Les conclusions négatives de l’expertise du professeur René Fabre
Toujours est-il que nous disposions heureusement là de la preuve circonstanciée que René Fabre avait conclu son enquête de manière doublement négative. Le même carton n° 1 contenait, en effet, un « Document 96/B » consistant en un « rapport d’expertise » des Professeurs et Docteurs Piédelièvre (Paris) et Simonin (Strasbourg) ainsi que du Docteur Fourcade (Strasbourg). Ce rapport concernait 1) au Struthof, la « chambre à gaz » que, curieusement, les Allemands n’avaient pas pris la peine de détruire ; 2) à l’Hôpital civil de Strasbourg, les cadavres ou restes de cadavres que, non moins curieusement, les Allemands n’avaient pas pris le soin de faire disparaître. Pourtant, l’évacuation du camp ne s’était pas faite dans la précipitation : elle avait commencé au début de 1944 et les Américains n’étaient arrivés que le 25 novembre ; pour ne prendre que son exemple, le professeur Hirt, comme normalement en temps de guerre, avait fait détruire des documents par sa secrétaire avant de quitter la place (Steegmann, 2009, p. 327). Dans leur rapport les trois experts (qui n’étaient pas des toxicologues et que décevaient les conclusions du prestigieux toxicologue R. Fabre) écrivaient :
Recherches toxicologiques. Inventaire des bocaux adressés à l’expert toxicologue, M. le Professeur FABRE de la Faculté de Pharmacie de Paris. – Bocaux W. Produit de raclage du mur extérieur de la chambre à gaz, autour de la cheminée. – Bocaux X. Plâtras provenant de la cheminée extérieure de la chambre à gaz au moment de son enlèvement (p. 52). Recherches toxicologiques. Les prélèvements de sang, de viscères faits au cours des autopsies ont donné lieu, de la part du professeur FABRE, à des recherches toxicologiques. – De son rapport, daté du 1er décembre 1945, nous reproduisons les conclusions : « Dans les viscères conservés dans le liquide conservateur (alcool + formol) et remis aux fins d’analyse, il n’a pas été décelé de toxiques volatils, et particulièrement d’acide cyanhydrique ». – Il convient de rappeler que ce toxique n’aurait pu, d’après les essais préliminaires, être décelé que s’il avait été présent à une dose supérieure à 6 milligrammes dans la prise d’essais (p. 61). [Donnant ensuite leur opinion, les trois médecins ajoutaient en guise de commentaire :] Les conclusions négatives du rapport d’expertise du professeur FABRE ne s’inscrivent pas en faux contre la possibilité et même la grande probabilité de l’intoxication par l’acide cyanhydrique (p. 67).

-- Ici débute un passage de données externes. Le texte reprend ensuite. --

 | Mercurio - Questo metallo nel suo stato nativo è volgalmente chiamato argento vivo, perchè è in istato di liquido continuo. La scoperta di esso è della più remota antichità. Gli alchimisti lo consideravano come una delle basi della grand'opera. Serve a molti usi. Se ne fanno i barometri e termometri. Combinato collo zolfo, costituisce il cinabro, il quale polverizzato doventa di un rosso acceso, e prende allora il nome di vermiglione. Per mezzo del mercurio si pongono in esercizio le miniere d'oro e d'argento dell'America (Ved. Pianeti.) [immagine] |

Notons que cette dernière affirmation, où il n’était question que de « possibilité » ou de «grande probabilité» et non de « certitude », ne faisait l’objet d’aucune ébauche de justification de la part des trois médecins. Lors du procès que m’avaient intenté la LIC[R]A et huit autres associations, ma découverte du 27 mars 1980 allait mettre mes adversaires dans l’embarras et, je suppose, contribuer à l’hommage que les magistrats de la cour d’appel devaient par la suite rendre à la qualité de mes recherches sur la question générale des chambres à gaz nazies. De toute façon, une quantité importante de faits que j’avais rapportés dans mes nombreux écrits sur le sujet rendait totalement impossible, en particulier sur le plan physique, l’existence en ce lieu d’une chambre à gaz d’exécution à l’acide cyanhydrique. Je renvoie également là-dessus aux constats que j’ai pu faire aux États-Unis sur l’effroyable complexité et l’extrême dangerosité de l’exécution d’un seul condamné au moyen précisément de ce gaz. Au procès, mes adversaires ont, dans la pratique, d’eux-mêmes renoncé à invoquer l’argument de la « chambre à gaz » du Struthof. Le cours de ce procès a si manifestement tourné en ma faveur qu’aux audiences mêmes nos adversaires n’ont rien pu exploiter de ces archives dont, pour ma part, j’ai personnellement tiré le plus grand profit. D’où la conclusion formulée, le 26 avril 1983, par la première chambre de la cour d’appel (président François Grégoire), conclusion qui, dans le langage du profane, pouvait se résumer en ces termes : sur le chapitre des chambres à gaz nazies il n’y a dans les recherches de M. Faurisson ni légèreté, ni négligence, ni ignorance délibérée, ni mensonge ; en conséquence tout le monde (experts, historiens et public réunis) doit avoir le droit d’affirmer éventuellement comme M. Faurisson que les chambres à gaz nazies n’ont pas existé. Certes, je fus condamné mais, si l’on peut ainsi résumer ce fameux arrêt, si clair et ferme dans sa première partie et si confus dans la seconde, il semble qu’aux yeux des magistrats de la cour, en dépit du caractère impeccable de mon travail sur les chambres à gaz nazies, je m’étais rendu coupable de malveillance.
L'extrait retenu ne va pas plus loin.